Its not that things are bad...on the contrary, they're pretty great
....its just....something's not right. I feel listless.....maybe even a little melancholy.
Its kinda strange.   I thought of some things that are just off:

I don't feel like doing sit-ups
I've taken my contacts out every night without fail(I always sleep in my contacts....thats the point of the sleep in kind)
I've not been drinking raspberry lemonade
I ordered pizza tonight.....I'm allergic to pizza
I've been watching tv
I've been indifferent about things I'm spending money on
I'm procrastinating heavily
I'm utilizing immediate vetos on things that do not suit me
I want to go to the movies all the time...though I've not actually gone to any
It's taking me forever to get through anything....books, dvd's, picture sorting...
I suddenly want a new phone

I realize none of that sounds at all serious....or even significantly notable, but it all just seems out of the ordinary for me.
I think that it is a good thing I've noticed because no one else has and its not going to get resolved otherwise. what's that saying.....something about the first step to fixing a problem is realizing you have one?
I wonder if it covers pre-problems or not quite-problems?
At least it gives me something to consider
I'll work on it

Saturday, May 8, 2010

I MISS BEANS!


I have previously come to the conclusion....and recently reinforced the same, that myself and beans should not interact internally.  It's just not working out.  The thing is, I used to be quite fine with them.....we met up with each other on a very regular(heh heh) basis all through my childhood and into my adult years. In addition to beans, I was quite able to take on virtually any challenge, be it ethnic or abstract, with little to no difficulty. I was always the guy not having issues on the trips to other countries...the one who could handle all the rare and random foods with no trouble...I mean, my parents aren't even from this country. Now, since the gluten thing, things are all in an uproar and foods that were never a problem before are now a huge upset. Gah! its annoying and I'm not pleased to have stomach drama. I went and had lunch at a Puerto Rican restaurant today and I am currently still paying for it....not at all fun. I MISS BEANS!

Sunday, May 2, 2010

Its not ok

I feel like its a kind of funny that the only bit of solace I have for this current moment are the words i wrote just a few days ago....                       No, nevermind....its not funny at all.

 I don't know what to do.
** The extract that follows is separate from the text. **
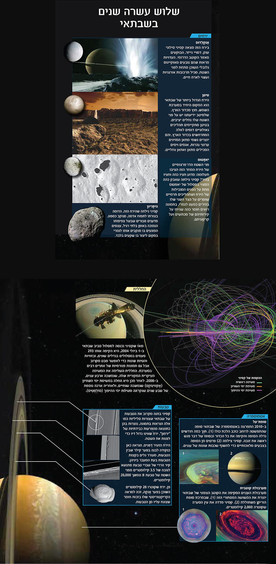 ב-15 בספטמבר 2017, כשמקור האנרגיה שלה הידלדל, צנחה החללית קסיני אל תוך האטמוספרה של שבתאי לאחר שהקיפה את כוכב הלכת במשך 13 שנה. לאורך המשימה סיפקה החללית שלל תגליות חסרות תקדים על כוכב הלכת המסובך הזה, על טבעותיו ועל מגוון ירחיו. היא גילתה עולמות שבהם נהרות של מתאן נשפכים לאגמים רחבי ידיים, שבהם סילונים של גבישי קרח ניתזים לחלל מתוך אוקיינוס תת־קרקעי ושבהם סופה יחידה מקיפה כוכב לכת שלם. לפניכם כמה נקודות ציון. מאת אדווארד בל.

I don't know why I don't know what to do.  The things is, that is usually my area of expertise...the "what to do" area. I'm also not sleeping. Hours a night spent doing......well nothing really. None of it is beneficial....the other night I watched episodes of "V" online...a show I have never seen nor even really care about. Then in the morning I wake up between 7:45-7:56(literally) and start the "try to go back to sleep" cycle. Basically during that time, my brain creates random scenarios that somehow involve my body and make me tense and then wake back up repeatedly....I don't even know if it ends up being rest. On top of that, I can't think straight. I think about things and they just slip right out of my grasp before I can really analyze or resolve them. That, of course, leads to lots of "I don't know..." which is hugely lame because as aforementioned, I usually do.

There is one thing I'm certain of though: Its not ok.